According to Leuta, who joined the party as a teenager in 1965, the reinstatement was important to him because he has always felt that through the BNP “I can serve my country”,“I am very content that it has finally happened. Never for once did I falter in my quest to retain my BNP membership. I grew up in the BNP. I was taught a lot of things and also learnt so much more on my own.

It was this party that instilled in me the spirit of patriotism and that I have an obligation to serve my country,” Leuta said. “I joined the party as a teenager in March 1965 and have been a member since. That is a solid 53 years. Even when I was supposedly expelled, I did not feel the need to adopt a new ideology because I’ve never considered myself anything else other than a BNP cadre.”

Being out in the cold, even if it was for just a few years, he added, was veyr difficult for as he was to see “things happening that I could have prevented if I was still a member. It was a sad experience, having to watch from a distance as things unfolded”. However, Leuta also expressed concern about the BNP’s influence in Lesotho’s political space, saying the party had been weakened and that he hoped to help it regain its former glory.

In its heyday from the mid-1960s to early 1986 under its founder and leader, the late Prime Minister Leabua Jonathan, the BNP ushered in Lesotho’s independence in October 1966, and went on to fight alongside South Africa’s African National Congress (ANC), against that country’s then oppressive apartheid regime.

But when the party lost elections in 1970 to Ntsu Mokhehle’s Basutoland Congress Party (BCP), Jonathan refused to cede power but instead suspended the constitution, declared a state of emergency and ruled by decree until 1986 when he was overthrown by the military junta. However, post the 1993 reintroduction of democracy and that year’s elections which were won by Mokhehle’s BCP, the BNP remained the main opposition and continued to influence decisions at national level.

However, in recent years the BNP seems to have lost ground, with the party currently commanding five PR seats in the National Assembly and being a junior partner in Prime Minister Thomas Thabane’s four-party coalition government comprising also the ABC, AD and RCL. “Being part of the BNP again means I can make a difference in changing things that I couldn’t when I was on the outside. I feel that it’s my obligation to work hard towards ensuring that the BNP regains its former glory and that it has a voice in important decision-making at national level. As things stand, the BNP has lost part of that influence,” Leuta stated.

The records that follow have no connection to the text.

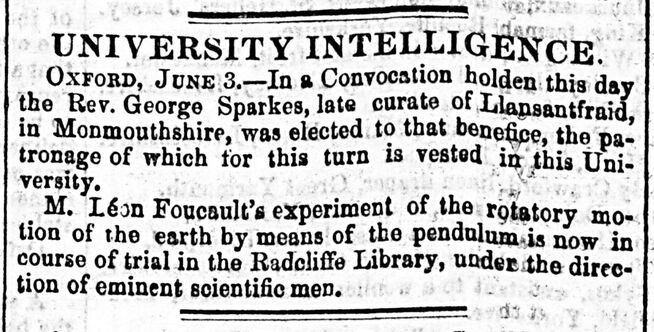 after writing the entry for Robert Walker, an unjustly neglected Oxford physics professor, for the Dictionary of National Biography (Missing Persons volume, 1993), I drafted a note (that's academic-speak for an article too piddling to deserve the name) about one of his more ambitious experimental demonstrations; that there'd been a huge, spectacular Foucault's pendulum in Oxford like the famous one at the Panthéon in Paris seems to be one of Oxford science's best-kept secrets, never mind that it was also one of the earliest; as often happened, my article was never finished or published, meaning that in returning to it now I've been able to amplify it considerably
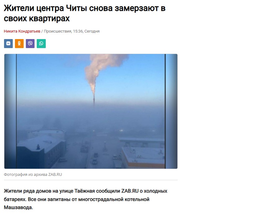 Как сообщают местные СМИ, утром 7 января тысячи жителей города остались без тепла и горячий из-за аварии на котельной бывшего Машиностроительного завода. Ситуация усложняется тем, что в эти дни температура воздуха в Чите достигает -20 градусов.
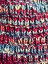 Are you second-guessing that bold colorway in your stash? Moxie’s syncopated twisted ribbing tames a daring yarn but retains the energy of high variegation. Worked from a single skein of sport weight yarn, the resulting cowl is more substantial than a lacy bit of nothing but more versatile than a worsted weight muffler. The bandana shape allows for coverage in the front and on the shoulders without the bulk behind the neck—perfect for tucking inside a coat.
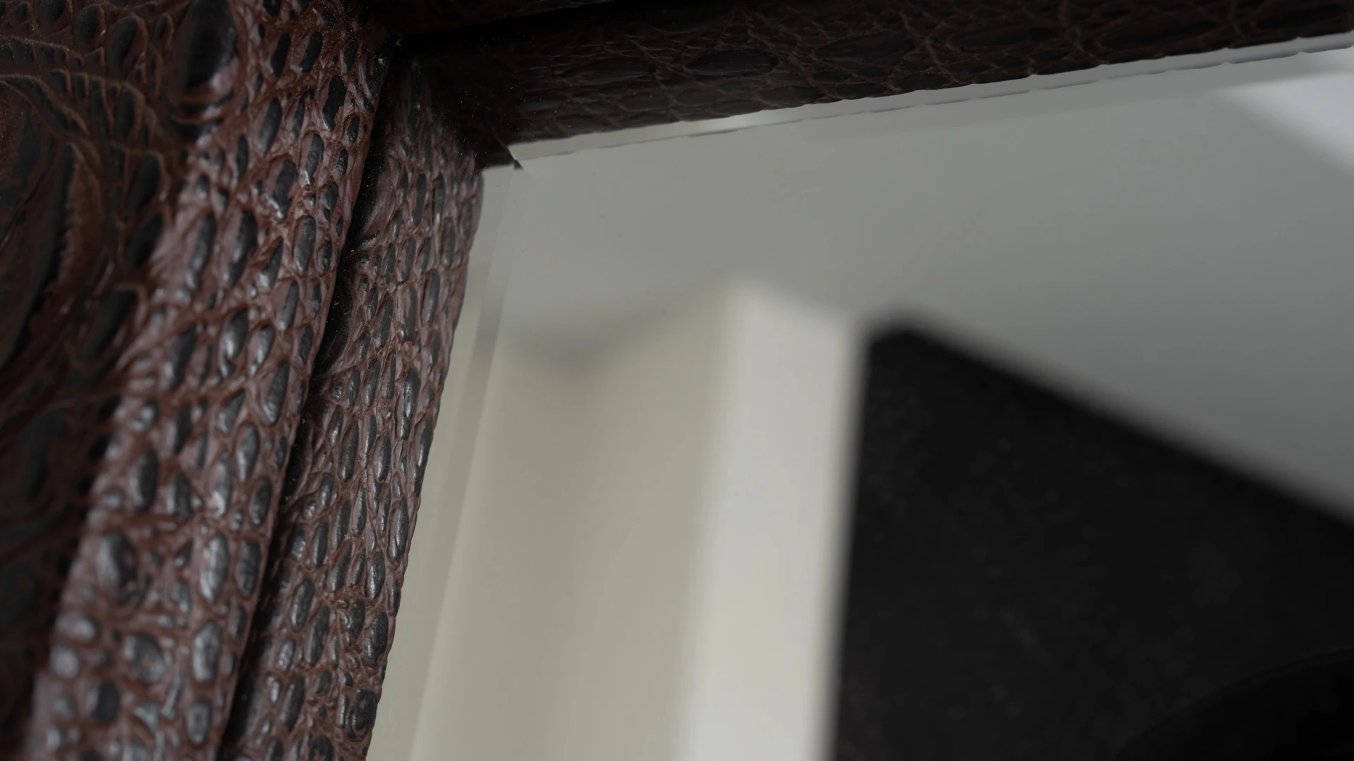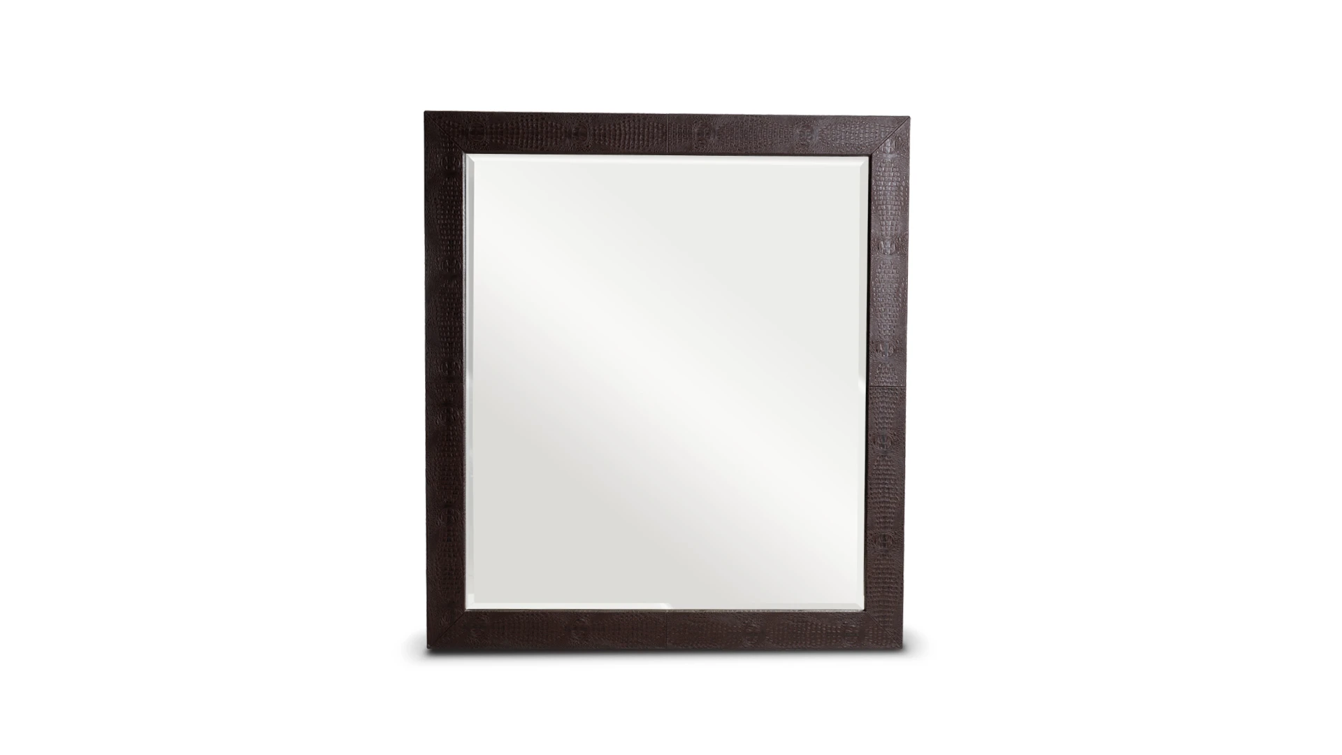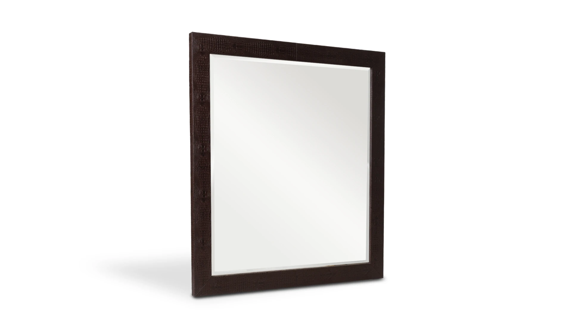 Marco de espejo Minary. Estructura realizada en madera, revestida en cuero crocco marrón, con terminación artesanal. Producto de edición limitada. Consultar stock disponible. Precio final con descuento, incluye IVA. Para customizaciones que requieran un nuevo proceso de fabricación, se realizará una cotización especial.

Reminiscing about the party’s 1990s ground-breaking participation in national issues, Leuta detailed several instances when the BNP was able to influence government’s position saying “how I wish we could go back there”. “I can mention a few things. In its heyday, the BNP was influential in many aspects.

For one, the BNP was able to appeal to the consciences of MPs of former Prime Minister Pakalitha Mosisili’s then ruling Lesotho Congress for Democracy (LCD) MPs, who shamelessly squandered funds reserved for “work for food” or “poverty reduction” projects (commonly known as fato-fato within villages at MPs’ respective constituencies countrywide, where people built roads and bridges in return food packages and allowances),” Leuta noted.

“It was due to protests staged by the BNP under the leadership of the late Rets’elisitsoe Sekhonyana, that that government had to review the manner in which that money was allocated. The practice back then was that MPs would be given money to take back to people working on such projects in their villages. But those monies did not always reach the people because the MPs squandered them.